驚きのあまりマイは声を上げ、次いでガシャンっ!と音を立てて放り投げるように双剣を手放し、その場に尻餅をついてしまった。
(何……何だ、今見えたのは、誰……――)
「――どうしたんにゃ、だんにゃ様! 凄い音がしたにゃあ!」
自分が双剣を床に放った音を聞きつけて、ラピスが慌てて自分のすぐそばに寄って来たのにマイははっとし、「ああ……」とぼんやりとした声を返す。そして、何とかその顔に笑みを浮かべた。

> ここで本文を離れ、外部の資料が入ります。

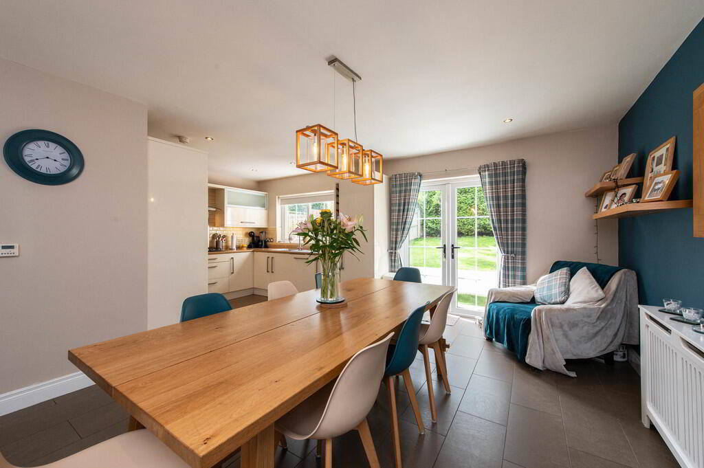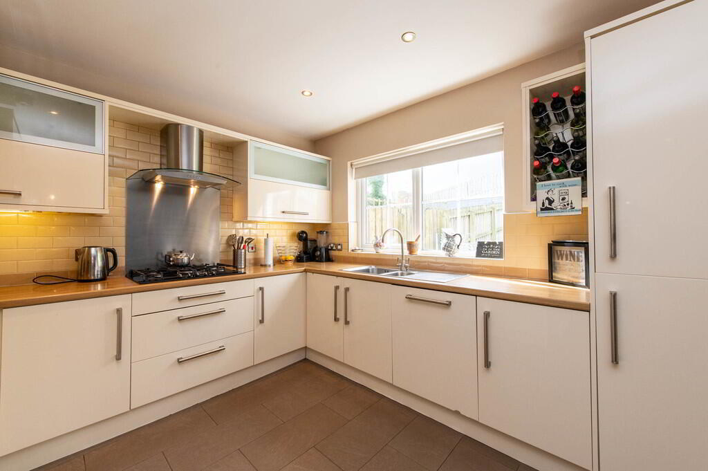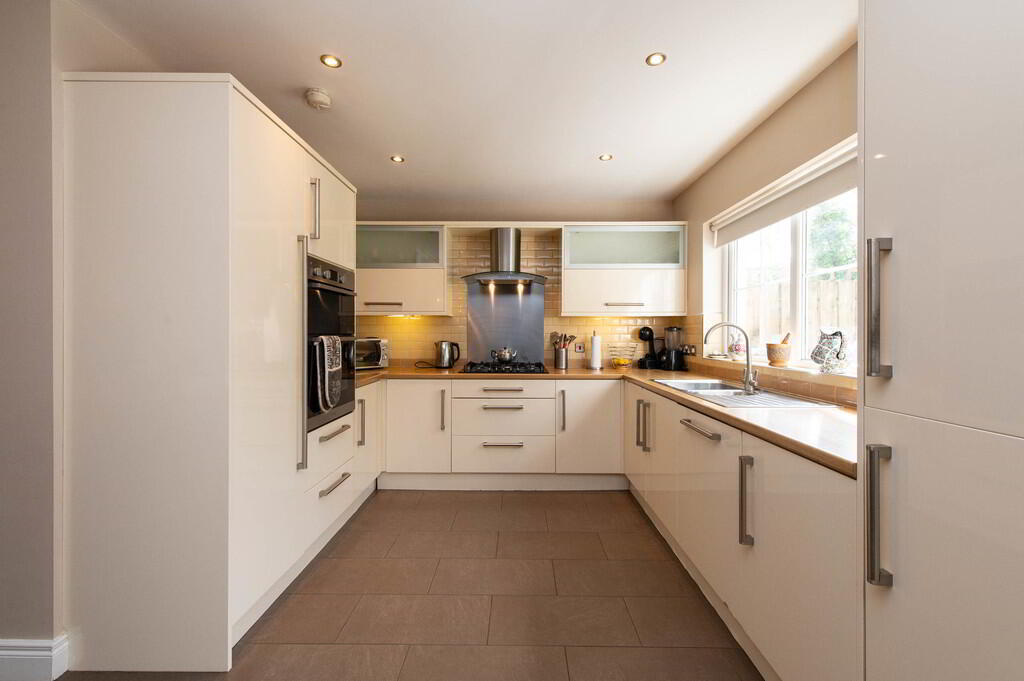 KITCHEN 17' 5" x 19' 10" (at max) or 12'5 (at min)(5.31m x 6.05m) Modern fitted kitchen with range of high and low level units, round edge worksurfaces, stainless steel sink unit with mixer tap and vegetable sink, built in double oven, built in fridge freezer, built in dishwasher, tiling, 5 ring gas hob, stainless steel extractor fan, two pull out larders, ceramic tiled flooring.

「すまない……何でもないよ。寝ぼけて、転びそうになったというか……」
「ホントにゃ? だんにゃ様、お顔真っ青だにゃあ。大丈夫にゃ……?」
言われたことにマイは顔を隠すように片手で自分の顔を覆い、小さく「大丈夫……」と息を吐く。そうしてすぐに、何かを振り切るよう一度頭を横に振ると、マイは立ち上がり床に放り投げてしまっていた双剣を拾い上げた。片腕でまとめるように持つと、空いている手の方で心配そうに見上げてくるラピスの頭を撫でる。
「ありがとう――大丈夫だから」
「……本当にゃあ?」
「ああ。いい匂いがするから、朝食ができてるんじゃないか? 食べよう、一緒に」
そう言えば、ラピスは「そうだったにゃ! コゲちゃうにゃあ!」と声を上げて、また台所へと消えて行った。そんな姿をふと優しい笑みを浮かべて見送ると、マイは抱えていた双剣を持って玄関近くへと向かう。そしてそれを、いつも使っている弓の横に並べて壁に立て掛けた。
「だんにゃ様~っ! お皿出して欲しいにゃ~っ!」
「っ、ああ、今行くよ」
ラピスの声に、マイは自分の足元から這い上がってきていた理由の分からない恐怖を見ないフリをしたのだった。